Emmanuel Macron prend un selfie avec le premier ministre belge, Charles Michel, devant la tour Eiffel à l’occasion du One Planet Summit, à Paris, le 12 décembre. | POOL / REUTERS

Mathilde Lemoine, chef économiste au groupe Edmond de Rotschild, Gilles Finchelstein, directeur général de la Fondation Jean-Jaurès, et Brice Teinturier, directeur général d’Ipsos, étaient invités du Club de l’économie du Monde, mardi 12 décembre.

Qu’est-ce que le macronisme ?

Gilles Finchelstein « Une chose est sûre, il ne se situe pas dans les cases classiques, puisque lui-même a récusé la division droite-gauche comme clivage structurant de la vie politique française. Est-il pour autant libéral ? C’est une définition imparfaite, car c’est un libéral qui, sur le plan politique, aime davantage le pouvoir que les contre-pouvoirs et, sur le plan économique, ne rechigne pas à l’intervention de l’Etat. Est-ce un progressiste ? Lui-même revendique le terme, et l’on voit bien l’utilité politique de ce mot dans le rassemblement qu’il a réussi à opérer. Mais, à l’épreuve du pouvoir, je ne suis pas sûr que ce soit éclairant. Est-il simplement un pragmatique ? Pour partie, là encore, mais le souci manifeste de l’efficacité ne résume pas sa démarche, qui repose également sur un corpus d’idées. A ce stade, il me paraît donc prématuré de définir le macronisme. La vérité de ce quinquennat n’est pas encore apparue. »

Les incertitudes de l’opinion

Brice Teinturier « Beaucoup imaginaient une rentrée sociale difficile. Il n’en a rien été, parce qu’Emmanuel Macron a su actionner trois leviers. D’abord, le mouvement. En engageant des réformes tous azimuts, il donne le sentiment aux Français, qu’ils aient voté pour lui ou non, qu’il est en train de débloquer le pays. C’est essentiel, parce que ce sentiment, décourageant, d’un pays bloqué dominait depuis vingt ans. Deuxième levier, non moins puissant : il est en adéquation avec ses engagements de campagne. Cela n’a l’air de rien, mais l’infidélité plus ou moins nette à leurs promesses de campagne avait très vite plombé ses deux prédécesseurs. Troisième levier, enfin, la faiblesse des oppositions. C’est en jouant sur ces trois leviers qu’il a réussi, après un sérieux trou d’air cet été, à remonter la pente et à regagner près de 10 points d’opinions favorables entre septembre et aujourd’hui.

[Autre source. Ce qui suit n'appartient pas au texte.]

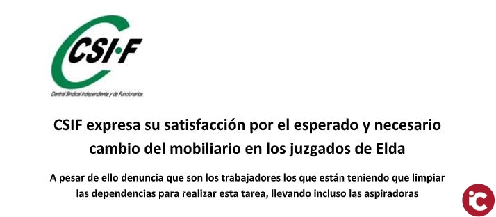 (2019-4-2) El sindicato CSIF quiere expresar su satisfacción por el hecho de que el mobiliario de los juzgados de Elda que se acumulaba desde hace meses en los de Novelda, y que va destinado a renovar el que data de 1981, haya comenzado a instalarse.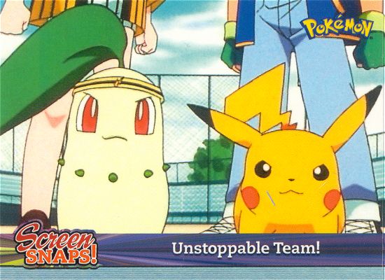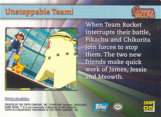 When Team Rocket interrupts their battle, Pikachu and Chikorita join forces to stop them. The two new friends make quick work of James, Jessie and Meowth.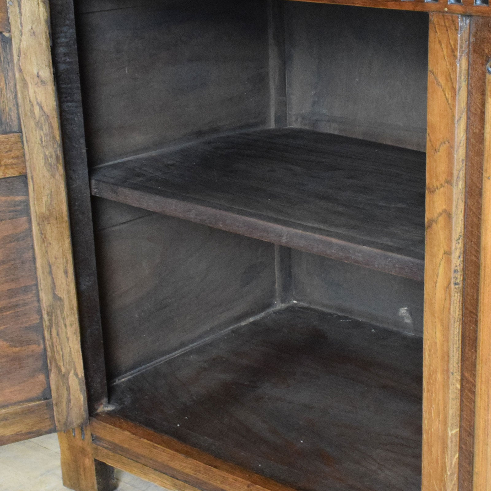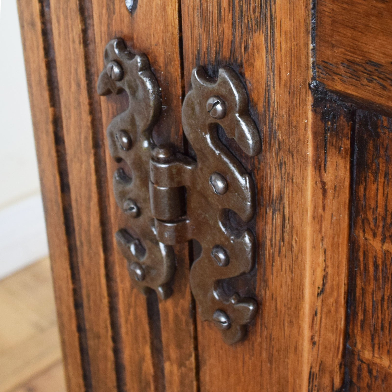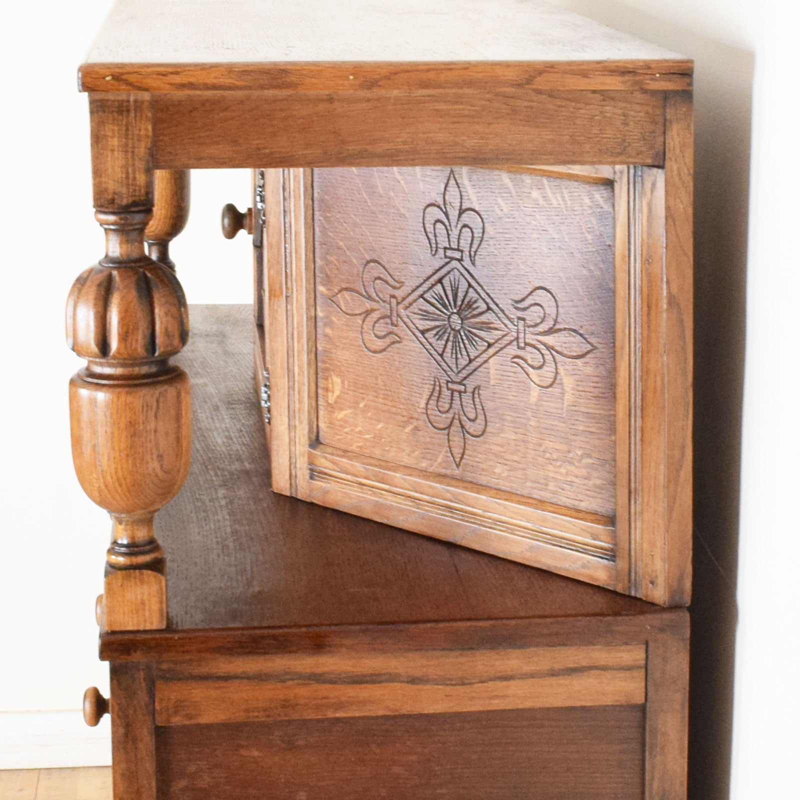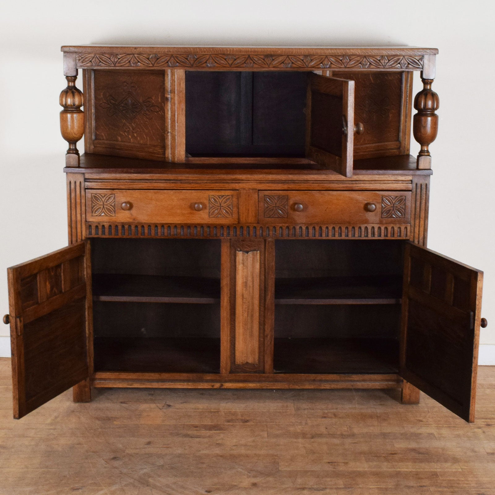 This carved oak court cabinet is destined to claim a place of pride in any home, ideally suited for a hallway, living room, or dining room.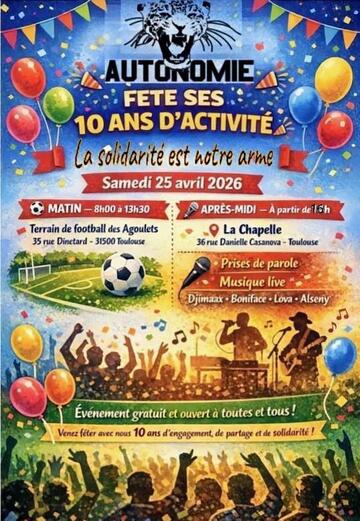 En avril 2026, AutonoMIE fêtera ses 10 ans. Le collectif vous invite à sa fête d’anniversaire qui aura lieu a la Chapelle (36, rue Danielle Casanova)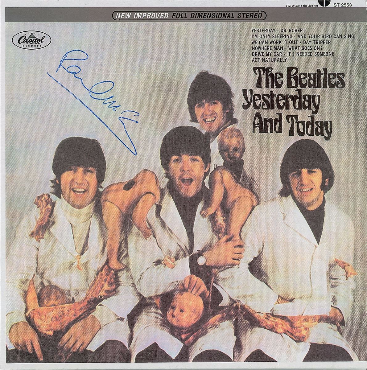 Yesterday and Today reproduction ‘butcher’ album signed on the front cover in blue felt tip by McCartney. In fine condition. The record is included.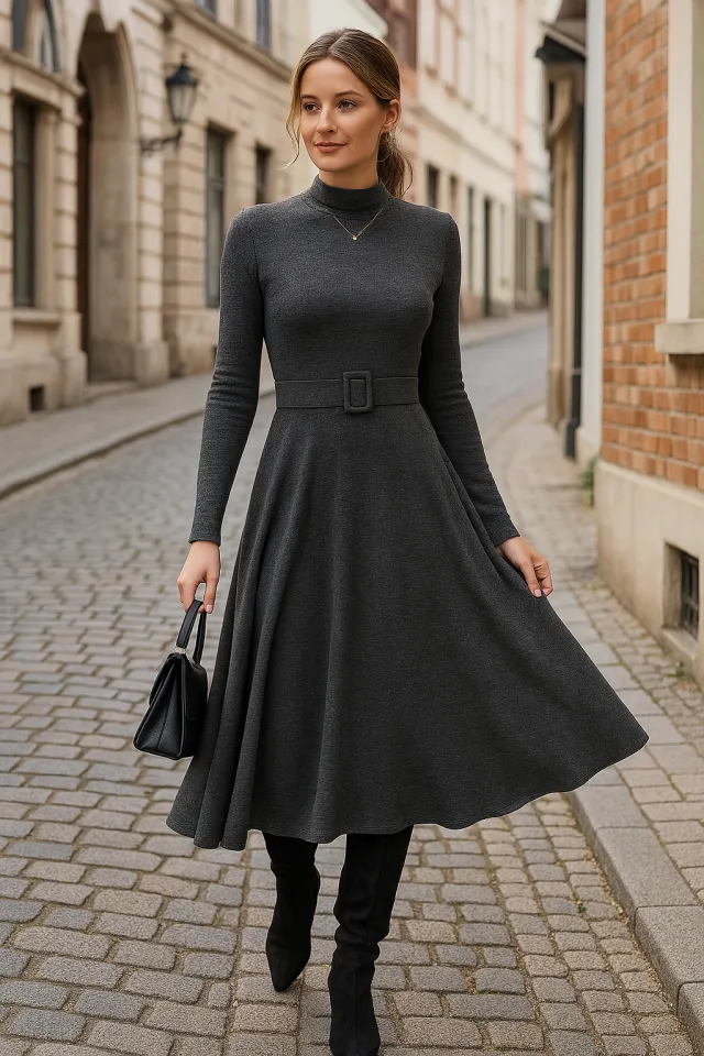 فستان ساندي خفيف بياقة V وأكمام بالون، مثالي للأيام الدافئة والخروجات السريعة.

Mais cela ne résout pas une contradiction majeure. Du fait de quelques décisions emblématiques, comme la suppression de l’ISF ou la baisse des aides au logement, l’opinion estime, très massivement, qu’Emmanuel Macron mène une politique favorable aux riches. C’est d’autant plus sensible que la famille politique qu’il est en train de construire et d’élargir est socialement homogène et agrège les Français plus aisés, plus diplômés, plus confiants dans l’avenir, plus en phase avec la mondialisation. Mais il n’a pas réussi à répondre au besoin de protection et de justice qu’expriment les Français et en particulier les catégories populaires. Favoriser la mobilité, comme le préconise le chef de l’Etat, ne convainc pas les Français qu’ils seront mieux protégés. »

La politique économique

Mathilde Lemoine « Les premiers choix et en particulier le premier budget du quinquennat modifient-ils l’équation économique française ? Pas encore. Sur les grands équilibres macroéconomiques, la place de l’Etat dans l’économie, le poids de la dépense publique qui continue de croître ou la réduction du déficit qui résulte principalement de l’amélioration de la croissance, on reste dans des arbitrages assez classiques et conservateurs.

Du coup, certains considèrent que le gouvernement a manqué l’occasion de profiter de cette croissance pour s’imposer une plus grande discipline budgétaire. Pour ma part, je lui laisse une chance. En effet, beaucoup de réformes ont été engagées dans le but d’accroître notre potentiel de croissance structurelle, cette croissance autonome qui ne dépend pas de la politique économique chinoise. Cela a été la priorité et il était difficile de s’engager sur tous les fronts en même temps. L’on verra si le prochain budget sera un peu plus cohérent avec l’idée que la croissance potentielle dépend, aussi, de l’efficacité des administrations publiques. Ce sera le moment de vérité. »

La réforme des retraites

Gilles Finchelstein « Il n’est pas du tout évident que la réforme des retraites, annoncée pour 2018-2019, se passe aussi aisément que la réforme du droit du travail. D’une part, le dossier est plus explosif parce que la retraite – avec la santé – constitue le cœur du cœur du modèle social français, davantage que les relations sociales. D’autre part, c’est un dossier beaucoup moins préparé que celui des ordonnances sur le droit du travail. La question a été très peu présente dans les campagnes présidentielle, puis législative. Dans le meilleur des cas, les Français ont entendu le principe posé par Emmanuel Macron selon lequel un euro cotisé ouvrirait les mêmes droits pour tous. Mais personne n’a la moindre idée de ce que cela signifie réellement. »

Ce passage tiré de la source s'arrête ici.